"Hey, Faith!" My jaw dropped as I heard Joseph calls me... by my name. It's a big deal. He's one of a hell handsome boy in this town where I live. Where he lives too, by the way. He's sixteen. Just like me. He doesn't know me a minute ago, I am certain of that. How did he know my freaking name? "Hey..." Ten seconds ago he is five meters away from me and know here he is, facing me. At least ten inches separating us. Also ten seconds and I'd faint if we stay like this, so I backed off. It's funny how I managed to calculate our distance. It only happens in fictitious stories right? After two years I guess, I managed to utter a 'hello'. "Can I get your number?" And that really stunned me. My jaw literally dropped. "Hey. I'm just asking for your number. What's the big deal about that?" He chuckled. "Anyway, can I?" I tried really hard not to stutter. And I guess I did not as I give him my cellphone number. "Why?" I asked him. "Why, why?" He questioned as if it's really not a big deal. "I mean, you don't know me. And I don't know you." There, I lied. "Would I ask for your number if I don't know you? And would you give it if you don't know me as well?" That made me want to disappear right at this moment.
But he didn't text me. At all. It's been a month. I sighed. Why would he text you, huh? Faith?
"Hey!" That voice stopped my from my track. I turned to look at the owner of that deep masculine voice. It was him. "Joseph..." I whispered. "I'm sorry. I lost my phone." He said as of explaining why he haven't got the chance to do. "Anyway, I'm gonna treat you an ice cream. Let's go." Then he held my hand. My very cold hand. "Okay.,"
That was the start of our love story. But it didn't end like a fairytale just like the start it is for me.
He forgot me. I don't really know.
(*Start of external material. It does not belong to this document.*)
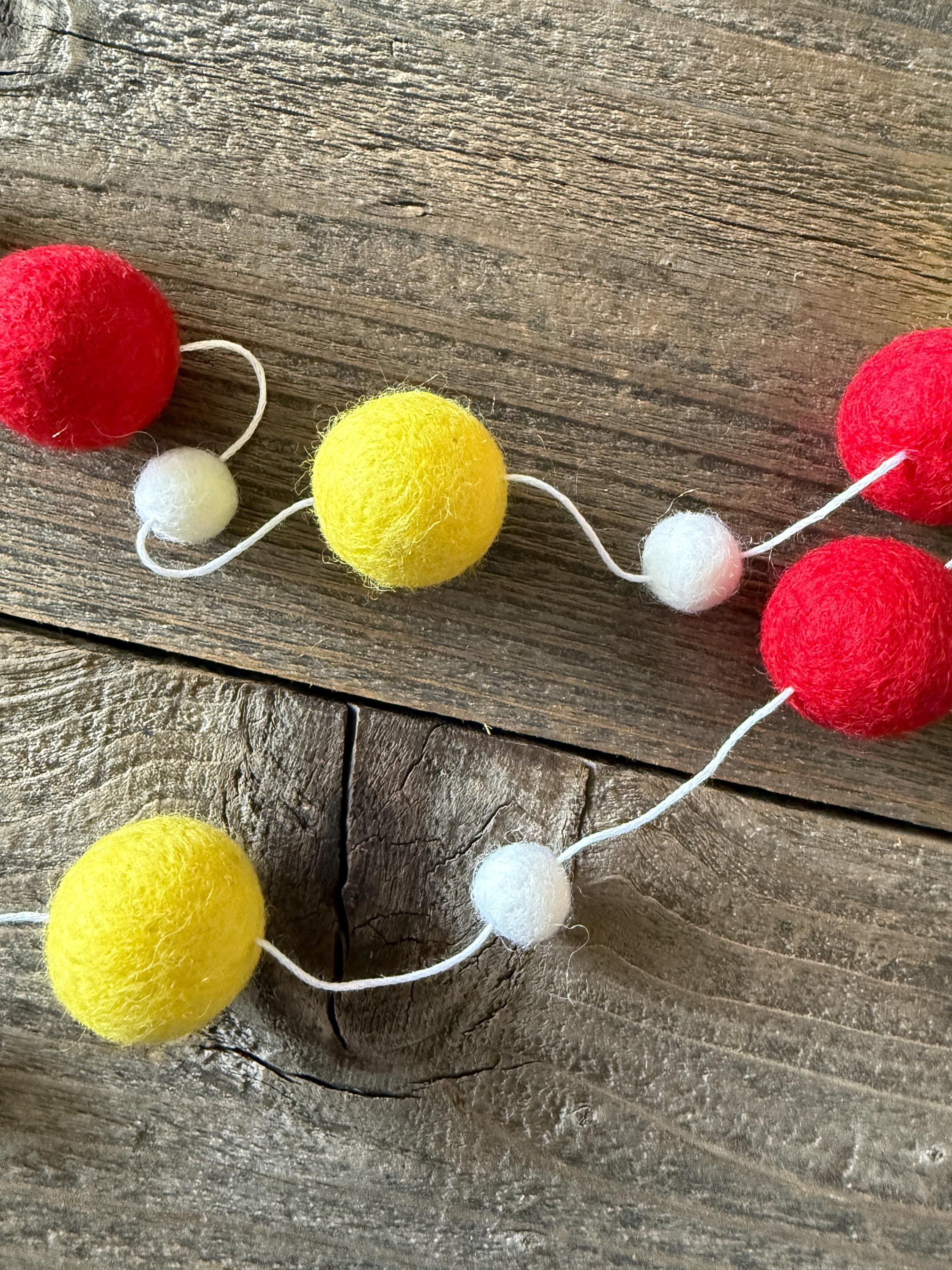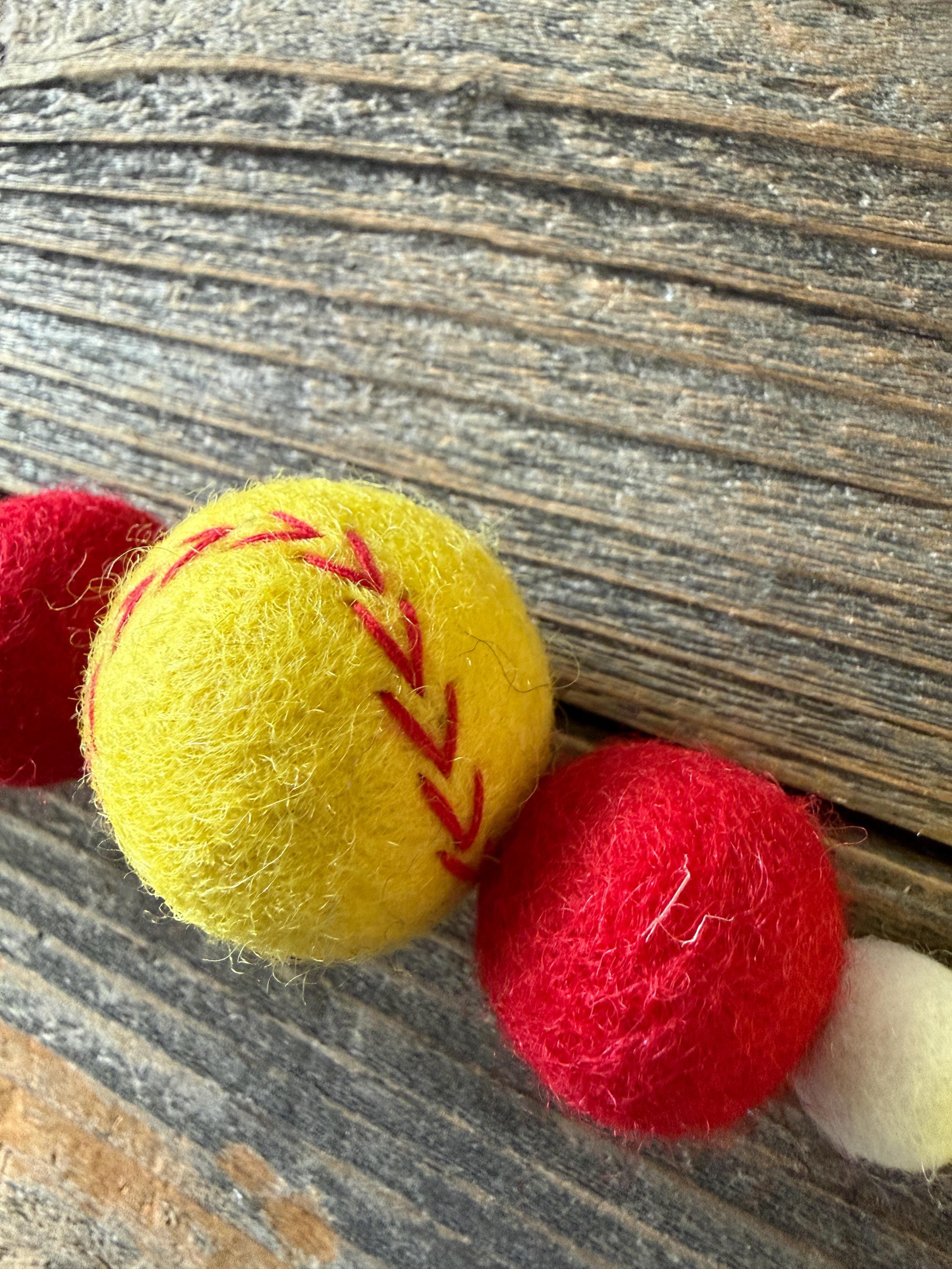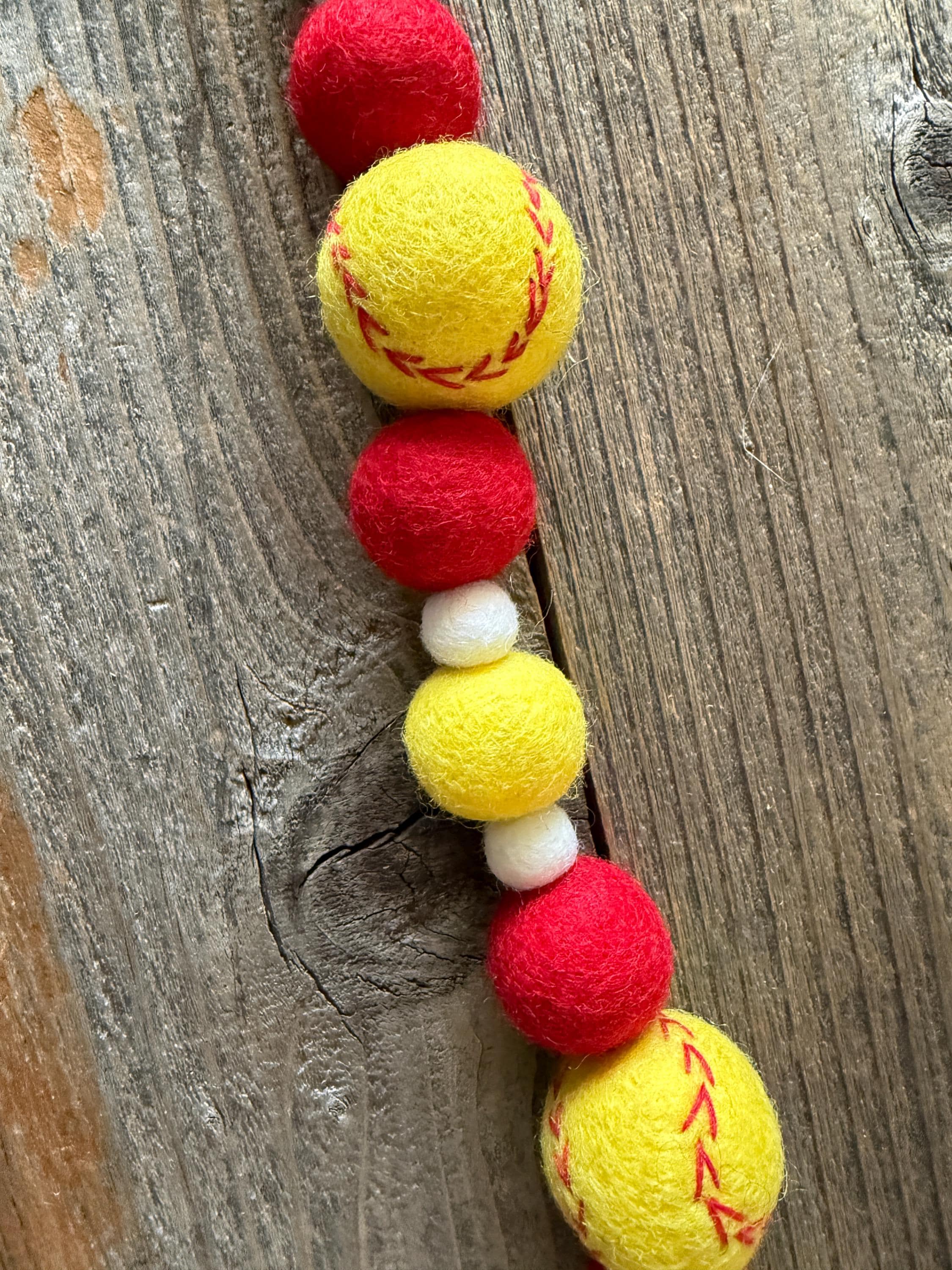 Our felt garland includes 2 or 3 felt baseballs and 16-20balls in 3 different colors; red, white and yellow.

Or maybe it's just a lie all along. It's been fifteen years now. He's married. No, he's happily married with two children and working as a nurse. And here I am reminiscing our memories in these four corners of this room. A room where my family left me. They thought I needed this.
Maybe, I really do. I don't know anymore.
I was told that I've been here for more than twenty years now. Maybe twenty two?
I've been deprived of teenage life. They did this to me.
I am okay. But who would believe me? Not even Joseph.